When you want to run many almost identical jobs simultaneously, perhaps running the same program many times but changing the input data or some argument or parameter. One possible solution is to write a script to create all the qsub files and then write a BASH script to execute them. This is very time consuming and might end up submitting many more jobs to the queue than you actually need to.
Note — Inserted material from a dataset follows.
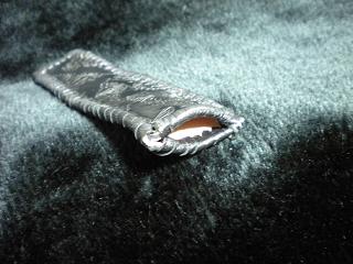| 説明 | ハサミの刃先に被せるカバーです。 サイズは、長さは約14センチ、幅4.5センチ(長い方)、幅3センチです。 本体表面は、樹木の表皮のようなデザイン型押しレザーを使用しています。 ケース内側は、ホワイトグレーレザーを使用しています。 ケース周囲は、ブラックレザーで、かがり仕上げをしました。 |

This is a typical problem suited to an SGE task array.
Advantages of Array Jobs:
You only need to submit one job to run a series of very similar tasks;
These tasks are independent and do not all need to run at once so the job scheduler can efficiently run one or more queued tasks as the requested computational resources become available;
They are particularly useful for Embarrassingly Parallel problems such as:
Monte Carlo simulations (where
$SGE_TASK_ID
might correspond to random number seed);Parameter sensitivity analysis;
Batch file processing (where
$SGE_TASK_ID
might refer to a file in a list of files to be processed).
Example :
make job submit script called my_array_job.sh as following, in this example, myprog will run 72 times through your subjects list after you submit with
$qsub -v subjects=subjects.txt my_array_job.sh
code | ||||
---|---|---|---|---|
| ||||
#$ -S /bin/bash
#$ -N my_array_job # give a meaningful name for the run, like ADRC QC, etc.
#$ -V
#$ -pe mpi 4 # number of slots to run job on each node
#$ -t 1-72 # environment variable $SGE_TASK_ID which will range from 1 to 72
#$ -cwd
#$ -o $HOME/sgestdout # directory where standard output are saved
#$ -e $HOME/sgestderr # directory where standard errors are saved
#$ -q global.q
# variables
DIR=/Project/To/Data/
subject=$(sed -n -e '{SGE_TASK_ID}p' $DIR/$subjects)
./myprog ${subject} |